New jobs come from both small and big businesses. From 1987 through 2005, nearly a third of net new jobs were created by businesses that each employed more than 500 workers. By 2005, these big companies accounted for about half of the country’s total employment, although they made up less than 1 percent of all US firms.
But a look at the past two economic booms shows that the pace of job creation depends on more than the size of the businesses. During the economic expansion of the 1990s, large US multinational corporations—which employ an average of about 1,000 workers each in the United States—created jobs more rapidly than other companies. This was because they dominated computer and electronics manufacturing, the sector that drove much of that boom. During the more recent expansion of 2002–07, most of the net new jobs came from local service sectors, such as health care, construction, and real estate—which comprise both large and small businesses.
[yes, the jobs created in 2002-2007 had obviously been in response to policies oriented towards inflating the real estate bubble.

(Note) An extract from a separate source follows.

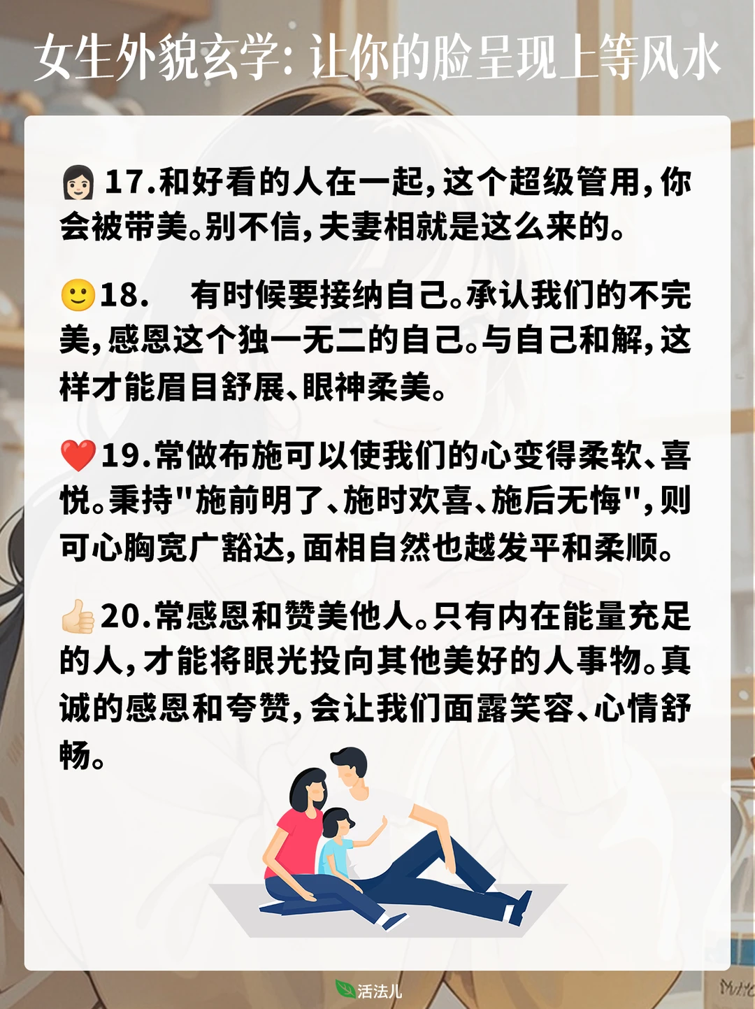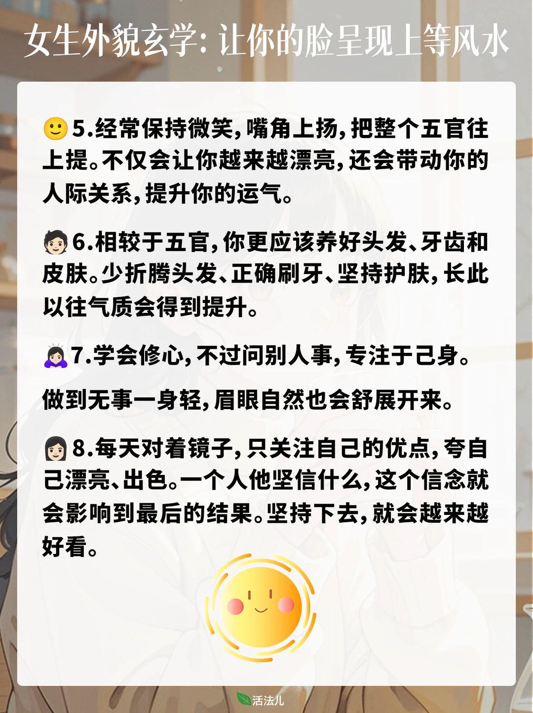 生活美学 养生 健康养生 上等风水在自身 相由心生心善则貌美 女生独自美丽

I'd like to add that the current weak job conditions in the small business sector had been a product of uncertainties from ambiguous policies, according to the Wall Street Journal, ``Last year "was a very difficult year for small business," said NFIB chief economist William Dunkelberg. "Continued weak sales and threatening domestic policies from Washington have left small-business owners with little to be optimistic about in the coming year."]
3. High-tech jobs will solve the problem.
There is a lot of talk these days about green businesses, biotechnology, and other emerging industries that will create the jobs of the future. While they are obviously part of the solution, these industries are too small to create the millions of jobs that are needed right away. The semiconductor and biotech industries, for instance, each employ less than one-half of 1 percent of US workers; clean-technology workers, such as those who design and make wind turbines and solar panels, account for 0.6 percent of the workforce.
We’ll be able to generate significant numbers of new jobs only by spurring broad-based job growth across the economy, particularly in big sectors such as retail, wholesale, business services, and health care. High-tech innovations will help employment grow over the long term, as new technology spreads throughout the economy and transforms other, larger sectors. For example, while the semiconductor industry alone doesn’t account for much US employment, the computer revolution has fueled the growth of other industries such as retail and finance; similarly, the clean-technology business by itself doesn’t employ many people, but its developments could transform a big sector such as energy, creating new business models and new jobs.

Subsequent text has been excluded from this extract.